Segment Start: AVAILABLE RECORDS

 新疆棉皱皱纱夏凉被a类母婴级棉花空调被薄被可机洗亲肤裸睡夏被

Segment End: AVAILABLE RECORDS
Segment Start: AVAILABLE RECORDS

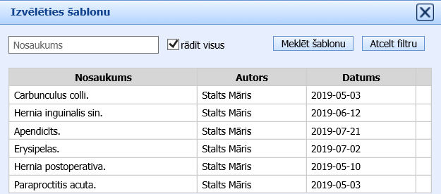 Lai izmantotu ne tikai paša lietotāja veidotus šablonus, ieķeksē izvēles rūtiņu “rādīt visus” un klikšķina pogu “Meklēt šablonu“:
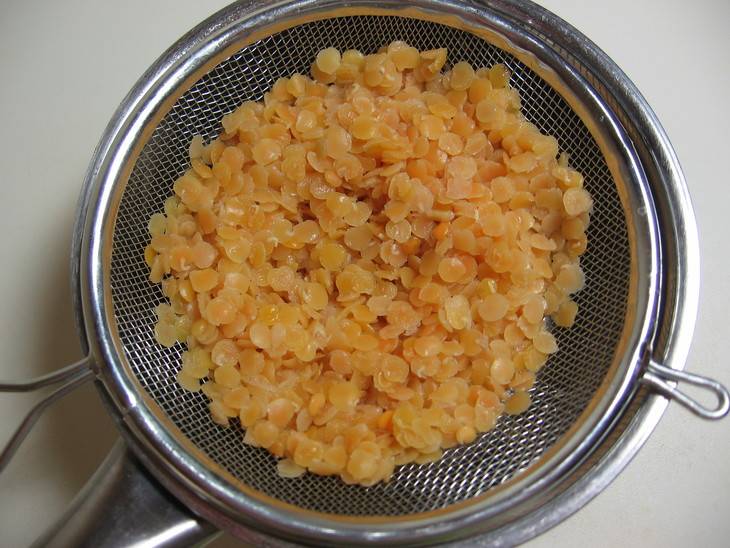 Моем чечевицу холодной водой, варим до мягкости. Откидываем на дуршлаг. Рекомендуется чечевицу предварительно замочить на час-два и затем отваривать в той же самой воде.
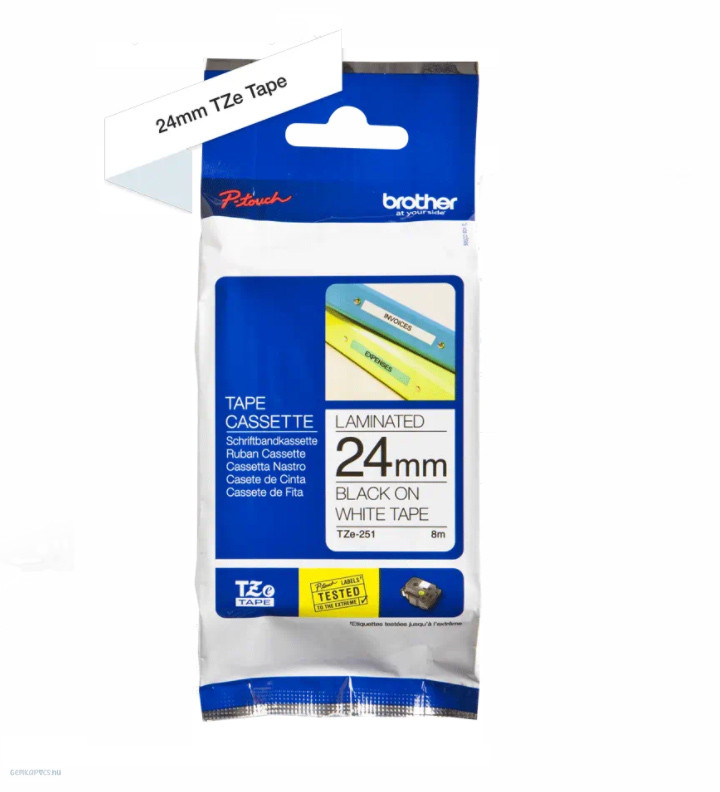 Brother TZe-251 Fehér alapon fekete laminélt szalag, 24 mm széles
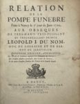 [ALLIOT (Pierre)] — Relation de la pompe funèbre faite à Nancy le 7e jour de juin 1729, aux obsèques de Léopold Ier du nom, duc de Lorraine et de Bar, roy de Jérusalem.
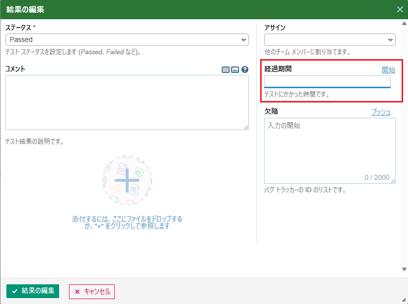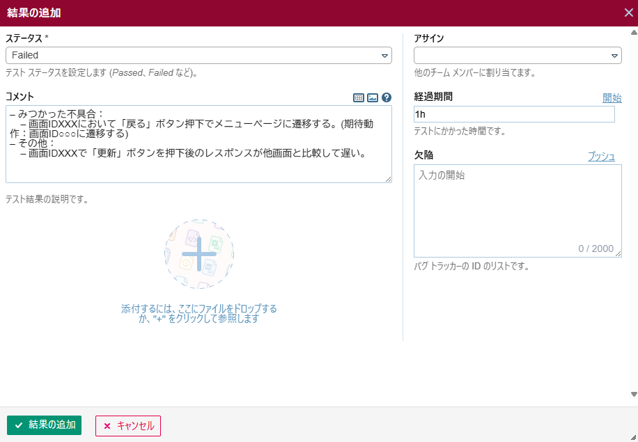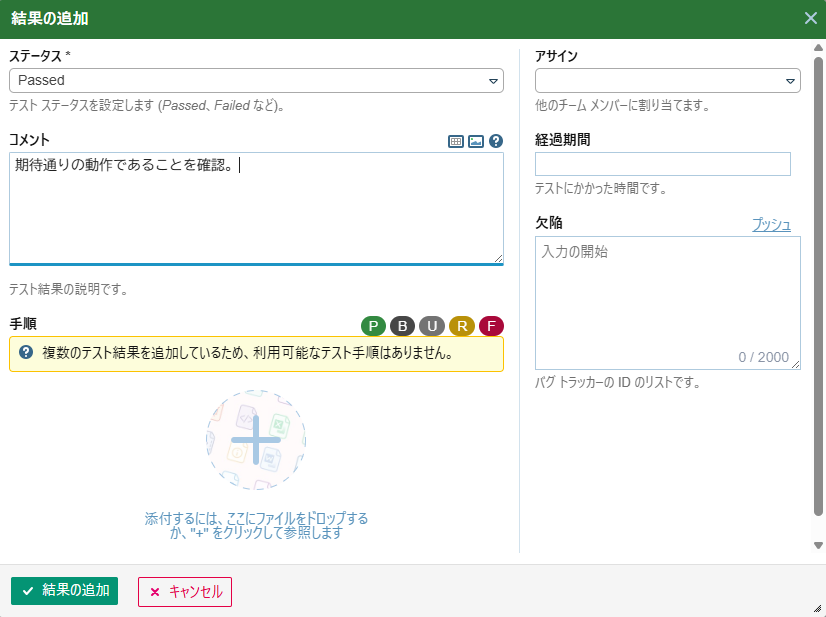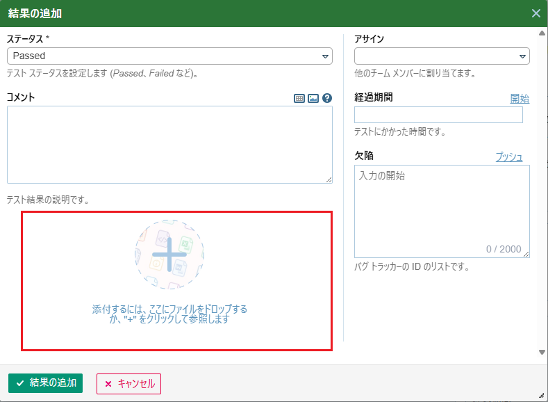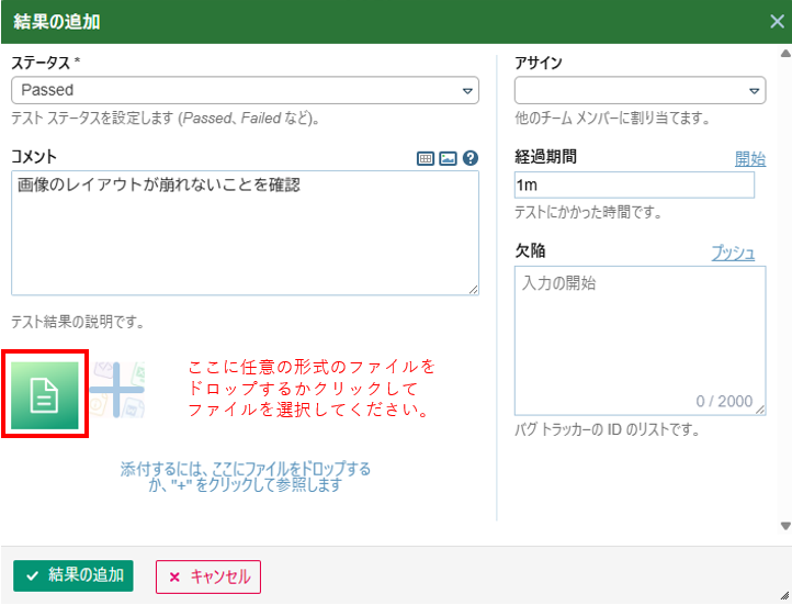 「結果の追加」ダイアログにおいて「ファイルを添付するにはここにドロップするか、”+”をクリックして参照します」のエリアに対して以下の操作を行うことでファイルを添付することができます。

Segment End: AVAILABLE RECORDS

INSTRUCTIONS FOR THE TASK:
Please transcribe exactly the part of the records that opens with the line containing "Lai izmantotu ne" and closes with the line containing "Моем чечевицу холодной", both ends included, and leave out the pictures.

ANSWER BELOW:
 Lai izmantotu ne tikai paša lietotāja veidotus šablonus, ieķeksē izvēles rūtiņu “rādīt visus” un klikšķina pogu “Meklēt šablonu“:
 Моем чечевицу холодной водой, варим до мягкости. Откидываем на дуршлаг. Рекомендуется чечевицу предварительно замочить на час-два и затем отваривать в той же самой воде.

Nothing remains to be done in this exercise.